### Provided records

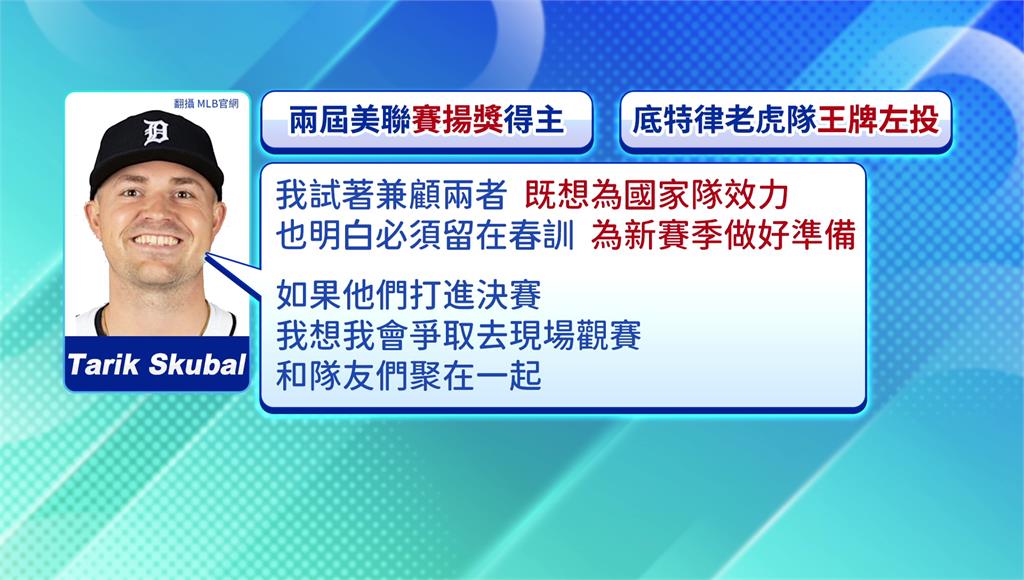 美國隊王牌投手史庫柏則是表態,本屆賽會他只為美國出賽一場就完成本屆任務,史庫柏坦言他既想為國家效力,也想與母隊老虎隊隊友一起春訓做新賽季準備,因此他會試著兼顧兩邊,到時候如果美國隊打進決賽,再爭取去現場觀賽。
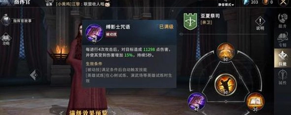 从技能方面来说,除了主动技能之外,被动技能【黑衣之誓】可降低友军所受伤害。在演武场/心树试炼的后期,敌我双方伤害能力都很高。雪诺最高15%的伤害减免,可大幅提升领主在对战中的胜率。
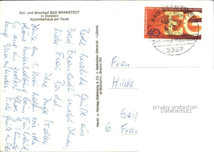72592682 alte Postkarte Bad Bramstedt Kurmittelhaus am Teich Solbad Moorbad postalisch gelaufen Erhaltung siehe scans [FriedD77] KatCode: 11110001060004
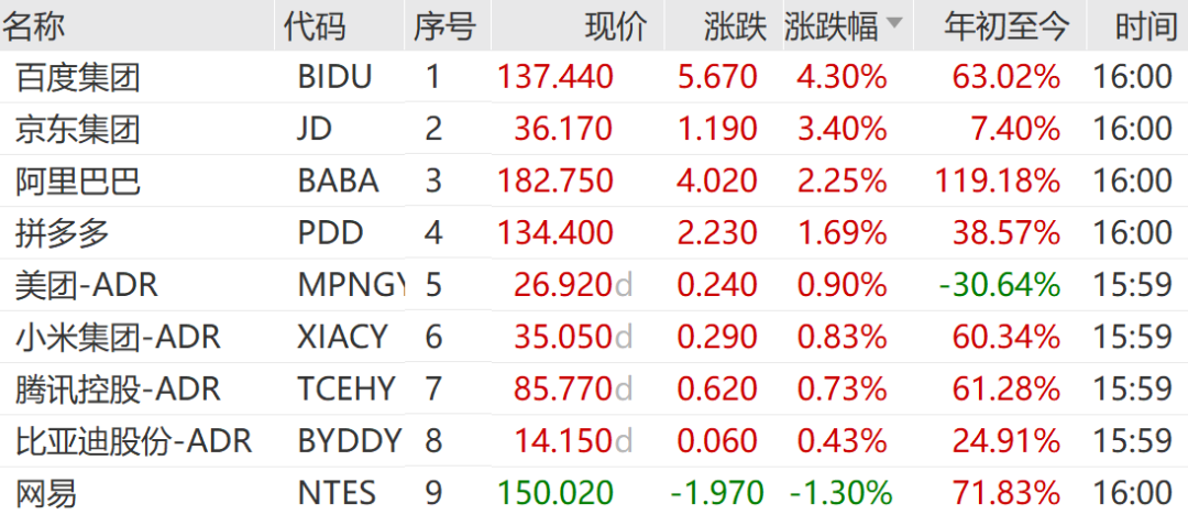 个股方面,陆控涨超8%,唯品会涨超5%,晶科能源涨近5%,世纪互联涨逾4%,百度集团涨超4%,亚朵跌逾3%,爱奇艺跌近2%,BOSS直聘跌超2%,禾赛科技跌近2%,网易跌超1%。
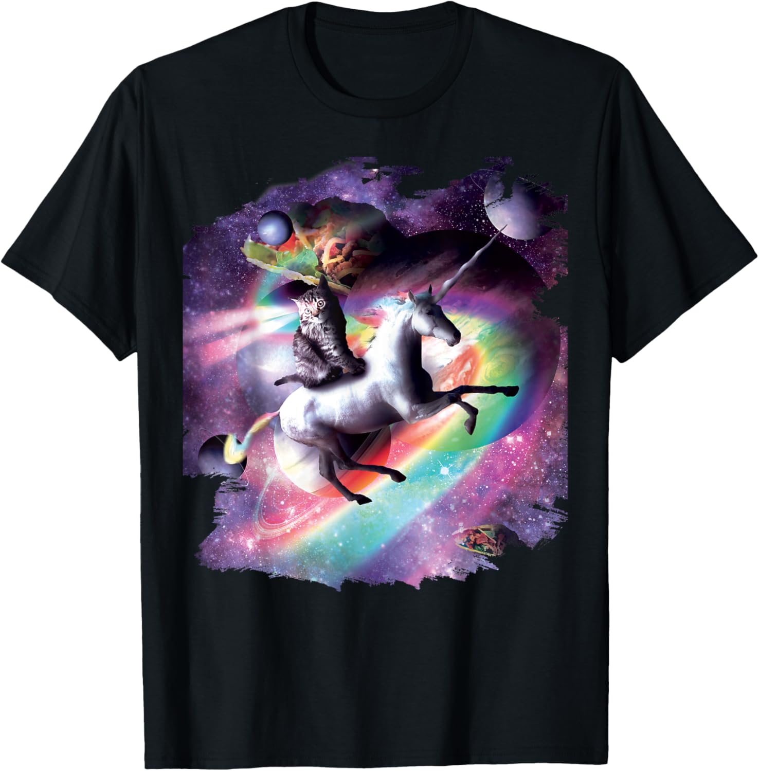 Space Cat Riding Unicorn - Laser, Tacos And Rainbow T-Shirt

######

> _Work instructions_:
Pictures stay out; the data above is to be returned exactly.

> _Response area_:
 美國隊王牌投手史庫柏則是表態,本屆賽會他只為美國出賽一場就完成本屆任務,史庫柏坦言他既想為國家效力,也想與母隊老虎隊隊友一起春訓做新賽季準備,因此他會試著兼顧兩邊,到時候如果美國隊打進決賽,再爭取去現場觀賽。
 从技能方面来说,除了主动技能之外,被动技能【黑衣之誓】可降低友军所受伤害。在演武场/心树试炼的后期,敌我双方伤害能力都很高。雪诺最高15%的伤害减免,可大幅提升领主在对战中的胜率。
72592682 alte Postkarte Bad Bramstedt Kurmittelhaus am Teich Solbad Moorbad postalisch gelaufen Erhaltung siehe scans [FriedD77] KatCode: 11110001060004
 个股方面,陆控涨超8%,唯品会涨超5%,晶科能源涨近5%,世纪互联涨逾4%,百度集团涨超4%,亚朵跌逾3%,爱奇艺跌近2%,BOSS直聘跌超2%,禾赛科技跌近2%,网易跌超1%。
 Space Cat Riding Unicorn - Laser, Tacos And Rainbow T-Shirt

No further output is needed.